Growing up I thought if I loved my Dad enough by being the perfect he would stop drinking and yelling. When I married, I thought if I loved my husband enough by being the perfect wife he would stop drinking, drugging and carousing. But it wasn’t until my second marriage I finally understood it was love of MYSELF that was the answer.
Like many of us I was raised to be a people pleaser. So if I followed the rules and was perfect I wouldn’t get scolded (as much). I relied on my parents for food and shelter and my emotional well-being. I learned early on that life was better when I behaved in a way that gained their approval.

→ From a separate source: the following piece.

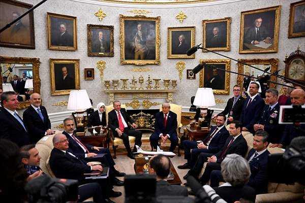 Beyaz Saray’da 2 saat 20 dakika süren görüşmenin sonrasında, kapıda Cumhurbaşkanı Erdoğan ile bir mühlet daha sohbet eden Trump, tokalaşmasının akabinde aracına binen Erdoğan’ı el sallayarak uğurladı.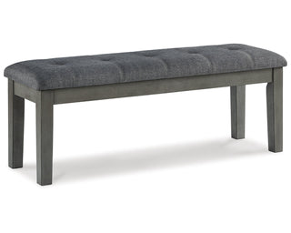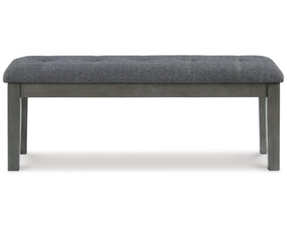 Cool and on-trend. This dining bench sports a two-tone gray look for a contemporary-yet-casual feel. The cushioned foam seat in a gray textural fabric pairs seamlessly with the antiqued gray finish, providing you with a super-stylish and versatile seating option.

When I entered Catholic school the same rules applied. If I behaved I didn’t get punished. I tried to be ‘good’ but with strict rules at home and school it was difficult to contain myself.
In fifth grade after a bout of orneriness, my teacher broke my arm in exasperation. Weren’t the nuns supposed to be God’s representatives on earth? I couldn’t believe God thought I was so bad I deserved such punishment. Even worse, my mother believed the school authorities when they said I had come to school with a broken arm.
So my love affair with food began there, it was the only thing that never betrayed me. I could numb every feeling of shame and guilt with candy, cake and cookies. I got a high from the sugar and the added weight served as a protective barrier from the world and its pain. As a child I was a victim because I had no control and relied on my parents and teachers for everything. I had no choice but to live under the tyranny of home and school.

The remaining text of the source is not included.